Les aéroports à risque : le coût humain et opérationnel
L'impact de la fermeture a été plus visiblement ressenti dans les principaux aéroports américains, où les agents de la TSA font partie des 420 000 employés fédéraux essentiels obligés de travailler sans salaire. Des rapports provenant d'aéroports comme Miami International (MIA), LaGuardia (LGA) et Atlanta Hartsfield-Jackson (ATL) font état de lignes de sécurité étendues, de points de contrôle fermés et d'un nombre croissant d'agents qui ne se présentent pas au travail, invoquant l'incapacité de se permettre une garde d'enfants ou un transport.
"Chaque jour, nous venons au travail, on nous demande de mettre nos finances personnelles entre parenthèses pour le bien de la sécurité nationale", a commenté un ancien officier de la TSA à l'aéroport international de Dulles, qui a souhaité rester anonyme. "C'est démoralisant. Nous avons des factures à payer, des familles à nourrir. La promesse du président Trump est la bienvenue, mais elle ne permet pas de payer le loyer aujourd'hui." La tension financière n'affecte pas seulement le moral, mais soulève également des inquiétudes quant à d'éventuelles vulnérabilités en matière de sécurité si les niveaux de personnel continuent de diminuer.
L'engagement de Trump et la pression financière plus large
L'assurance du président Trump concernant les chèques de paie de la TSA, bien que destinée à atténuer l'anxiété, se heurte à d'importants obstacles juridiques et logistiques. La loi fédérale exige généralement des crédits du Congrès pour toutes les dépenses, y compris les salaires. Bien que l'administration ait exploré des voies telles que puiser dans les fonds inutilisés de l'agence ou dans les réserves d'urgence, une telle décision se heurterait probablement à des contestations juridiques et pourrait être considérée comme un contournement du pouvoir du Congrès.

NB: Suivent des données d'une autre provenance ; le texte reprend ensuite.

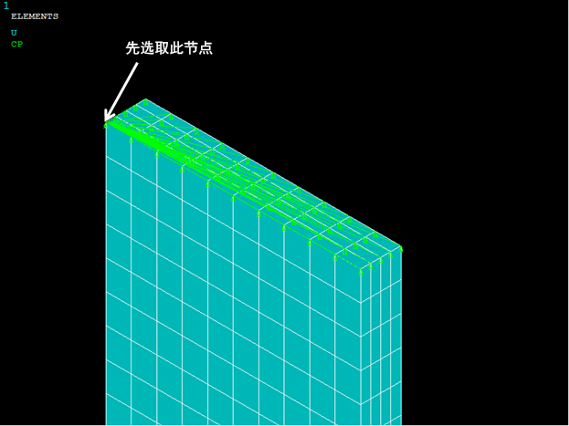 由于应用了耦合约束,将使得应用于以下亮显节点的 Y 方向位移与应用于约束定义中其余节点的 Y 方向位移相同。

Au-delà du TSA, la fermeture a laissé environ 800 000 employés fédéraux, y compris ceux des ministères de l'Agriculture, du Commerce, de la Justice, de la Sécurité intérieure (à l'exclusion de certains composants critiques), de l'Intérieur, de l'État, des Transports, du Trésor, du Logement et du Développement urbain, soit en chômage partiel, soit sans emploi. payer. L'effet d'entraînement financier est important, affectant les économies locales qui dépendent des salaires fédéraux et menaçant la stabilité des petites entreprises qui contractent avec des agences fédérales.
Les économistes du Congressional Budget Office ont estimé que chaque semaine de fermeture coûte à l'économie américaine des milliards de dollars, non seulement en perte de production fédérale, mais également en réduction des dépenses de consommation et de l'activité commerciale. À mesure que la fermeture se prolonge, les dommages à long terme causés au moral de la main-d'œuvre fédérale et aux perspectives économiques du pays deviennent de plus en plus préoccupants.
Pas de fin en vue alors que les pressions montent
La Maison Blanche et les démocrates du Congrès étant fermement campés sur leurs positions, il ne semble y avoir aucune voie immédiate vers une résolution. La Chambre maintient sa position contre le financement du mur frontalier, tandis que le président Trump a déclaré à plusieurs reprises qu’il ne signerait aucun projet de loi qui n’inclurait pas le financement demandé. Cette impasse politique continue de prendre en otage les travailleurs fédéraux, les services essentiels et l'économie américaine dans son ensemble.
Alors que la fermeture entre en territoire inconnu en termes de durée, la pression sur toutes les parties pour trouver un compromis s'intensifie. Cependant, pour l'instant, les inquiétudes financières des employés fédéraux et les défis opérationnels sur les points d'infrastructure critiques comme les aéroports restent les manifestations les plus frappantes de l'incapacité de Washington à gouverner.